## Problem to solve
Exactly the lines below from the line with "A. 카무트는 호라산밀" through the line with "Nowoczesny styl i" must make up the answer, both ends included and pictures left out.

## Provided data
*** Begin section ***

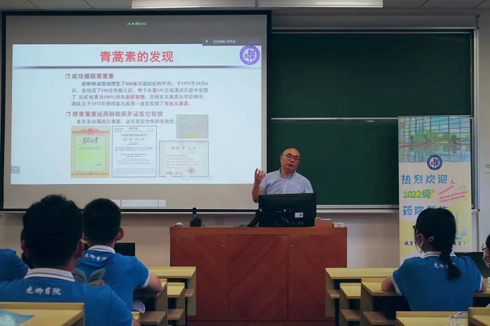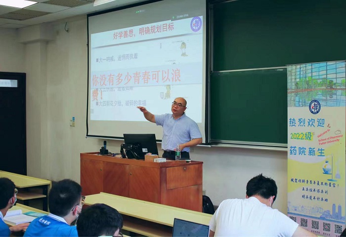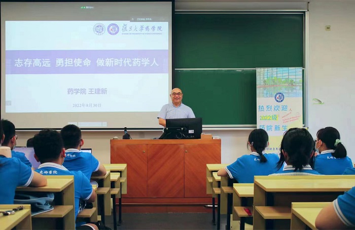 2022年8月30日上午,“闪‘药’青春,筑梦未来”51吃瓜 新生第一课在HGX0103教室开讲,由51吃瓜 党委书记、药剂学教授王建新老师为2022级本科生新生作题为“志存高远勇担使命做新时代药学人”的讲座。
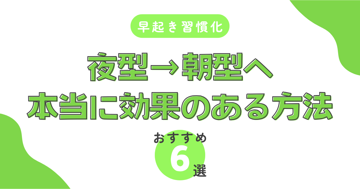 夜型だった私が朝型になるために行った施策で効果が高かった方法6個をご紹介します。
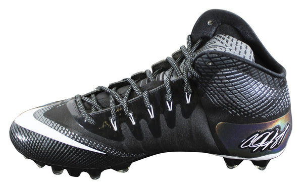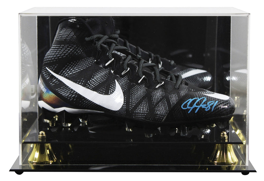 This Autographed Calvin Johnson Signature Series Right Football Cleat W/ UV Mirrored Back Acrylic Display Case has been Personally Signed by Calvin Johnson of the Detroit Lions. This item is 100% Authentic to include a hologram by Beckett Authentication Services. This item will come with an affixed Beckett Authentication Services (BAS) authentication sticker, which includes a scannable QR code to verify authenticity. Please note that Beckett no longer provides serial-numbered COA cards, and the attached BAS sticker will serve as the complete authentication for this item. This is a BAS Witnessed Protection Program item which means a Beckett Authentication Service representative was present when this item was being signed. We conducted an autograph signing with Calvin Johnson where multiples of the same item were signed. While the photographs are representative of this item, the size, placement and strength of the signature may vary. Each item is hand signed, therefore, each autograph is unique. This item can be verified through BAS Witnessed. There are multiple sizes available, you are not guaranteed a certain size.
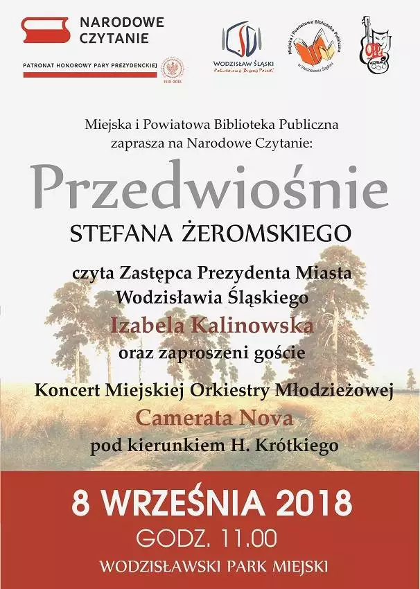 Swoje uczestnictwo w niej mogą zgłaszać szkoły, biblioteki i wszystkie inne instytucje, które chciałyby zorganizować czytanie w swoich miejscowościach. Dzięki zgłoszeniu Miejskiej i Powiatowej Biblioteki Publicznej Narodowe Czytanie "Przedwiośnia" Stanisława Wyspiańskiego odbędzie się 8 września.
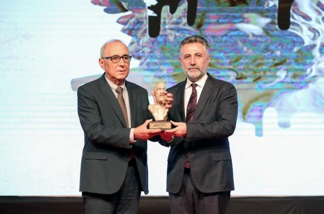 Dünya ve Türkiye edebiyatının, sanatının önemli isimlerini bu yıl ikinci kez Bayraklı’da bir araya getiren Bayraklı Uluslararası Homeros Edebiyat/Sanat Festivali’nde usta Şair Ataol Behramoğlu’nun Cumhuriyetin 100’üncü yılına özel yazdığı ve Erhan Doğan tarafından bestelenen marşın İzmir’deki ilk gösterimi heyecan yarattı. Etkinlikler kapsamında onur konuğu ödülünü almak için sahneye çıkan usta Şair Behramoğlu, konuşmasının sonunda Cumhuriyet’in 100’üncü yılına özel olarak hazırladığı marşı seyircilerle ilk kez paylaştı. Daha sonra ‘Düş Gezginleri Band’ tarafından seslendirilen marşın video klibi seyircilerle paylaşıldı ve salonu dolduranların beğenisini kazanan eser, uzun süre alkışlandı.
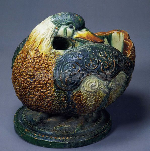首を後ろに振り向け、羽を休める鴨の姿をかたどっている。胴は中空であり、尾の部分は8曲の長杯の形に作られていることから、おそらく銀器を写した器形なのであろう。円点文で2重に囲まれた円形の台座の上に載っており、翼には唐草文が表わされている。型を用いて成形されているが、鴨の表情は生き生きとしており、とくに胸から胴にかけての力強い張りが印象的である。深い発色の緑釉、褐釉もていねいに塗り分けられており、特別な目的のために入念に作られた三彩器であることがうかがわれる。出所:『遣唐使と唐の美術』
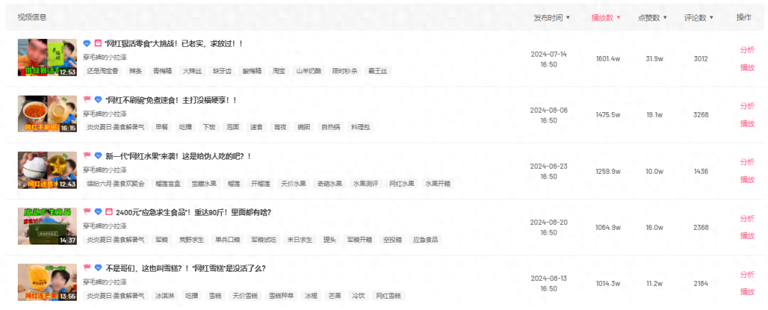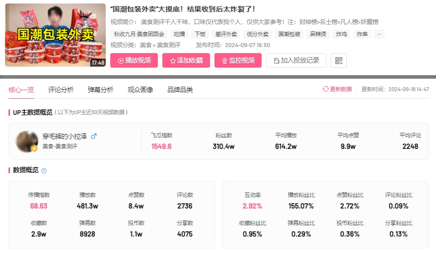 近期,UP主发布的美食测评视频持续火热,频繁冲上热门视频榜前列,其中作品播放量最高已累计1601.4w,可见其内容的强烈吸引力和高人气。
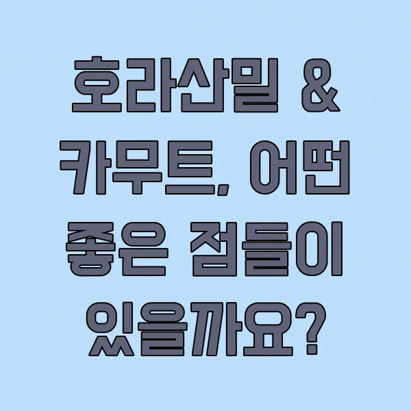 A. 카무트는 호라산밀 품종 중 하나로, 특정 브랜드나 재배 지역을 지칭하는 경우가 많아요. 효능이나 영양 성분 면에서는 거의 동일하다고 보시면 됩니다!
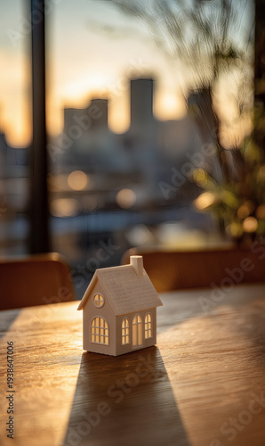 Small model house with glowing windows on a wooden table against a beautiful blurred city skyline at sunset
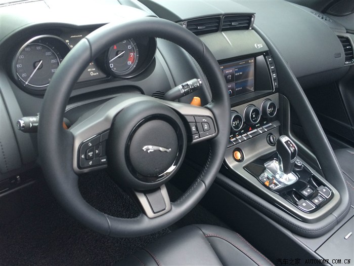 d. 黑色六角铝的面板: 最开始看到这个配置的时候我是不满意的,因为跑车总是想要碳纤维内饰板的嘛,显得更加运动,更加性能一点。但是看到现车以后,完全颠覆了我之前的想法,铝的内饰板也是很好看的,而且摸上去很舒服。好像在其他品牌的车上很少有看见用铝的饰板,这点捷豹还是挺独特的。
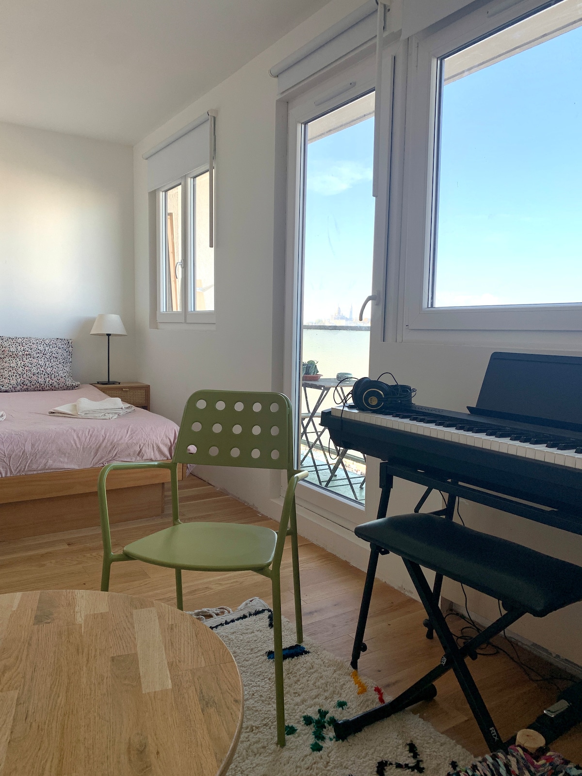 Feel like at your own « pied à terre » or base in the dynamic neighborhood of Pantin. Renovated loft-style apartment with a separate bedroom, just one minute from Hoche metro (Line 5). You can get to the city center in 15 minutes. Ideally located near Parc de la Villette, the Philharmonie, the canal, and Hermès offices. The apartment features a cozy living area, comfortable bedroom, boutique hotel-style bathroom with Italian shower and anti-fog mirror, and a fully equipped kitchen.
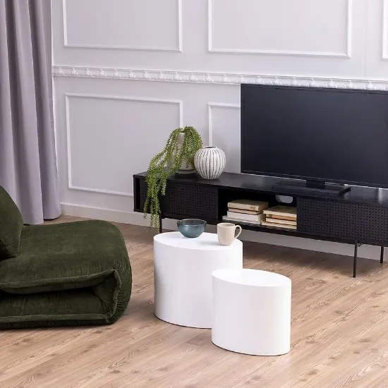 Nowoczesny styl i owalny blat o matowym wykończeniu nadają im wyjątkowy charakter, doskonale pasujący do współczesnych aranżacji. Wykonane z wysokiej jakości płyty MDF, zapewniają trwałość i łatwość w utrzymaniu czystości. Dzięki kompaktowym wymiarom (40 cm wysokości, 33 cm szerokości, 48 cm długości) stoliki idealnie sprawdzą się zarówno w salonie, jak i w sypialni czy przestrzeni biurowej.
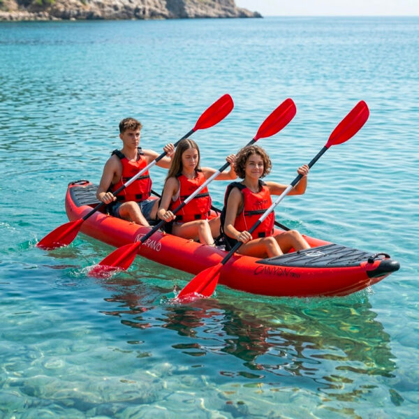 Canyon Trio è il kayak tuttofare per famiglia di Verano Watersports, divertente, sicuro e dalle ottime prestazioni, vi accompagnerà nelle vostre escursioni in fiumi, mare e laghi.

*** End section ***

## Completed exercise
 A. 카무트는 호라산밀 품종 중 하나로, 특정 브랜드나 재배 지역을 지칭하는 경우가 많아요. 효능이나 영양 성분 면에서는 거의 동일하다고 보시면 됩니다!
 Small model house with glowing windows on a wooden table against a beautiful blurred city skyline at sunset
 d. 黑色六角铝的面板: 最开始看到这个配置的时候我是不满意的,因为跑车总是想要碳纤维内饰板的嘛,显得更加运动,更加性能一点。但是看到现车以后,完全颠覆了我之前的想法,铝的内饰板也是很好看的,而且摸上去很舒服。好像在其他品牌的车上很少有看见用铝的饰板,这点捷豹还是挺独特的。
 Feel like at your own « pied à terre » or base in the dynamic neighborhood of Pantin. Renovated loft-style apartment with a separate bedroom, just one minute from Hoche metro (Line 5). You can get to the city center in 15 minutes. Ideally located near Parc de la Villette, the Philharmonie, the canal, and Hermès offices. The apartment features a cozy living area, comfortable bedroom, boutique hotel-style bathroom with Italian shower and anti-fog mirror, and a fully equipped kitchen.
 Nowoczesny styl i owalny blat o matowym wykończeniu nadają im wyjątkowy charakter, doskonale pasujący do współczesnych aranżacji. Wykonane z wysokiej jakości płyty MDF, zapewniają trwałość i łatwość w utrzymaniu czystości. Dzięki kompaktowym wymiarom (40 cm wysokości, 33 cm szerokości, 48 cm długości) stoliki idealnie sprawdzą się zarówno w salonie, jak i w sypialni czy przestrzeni biurowej.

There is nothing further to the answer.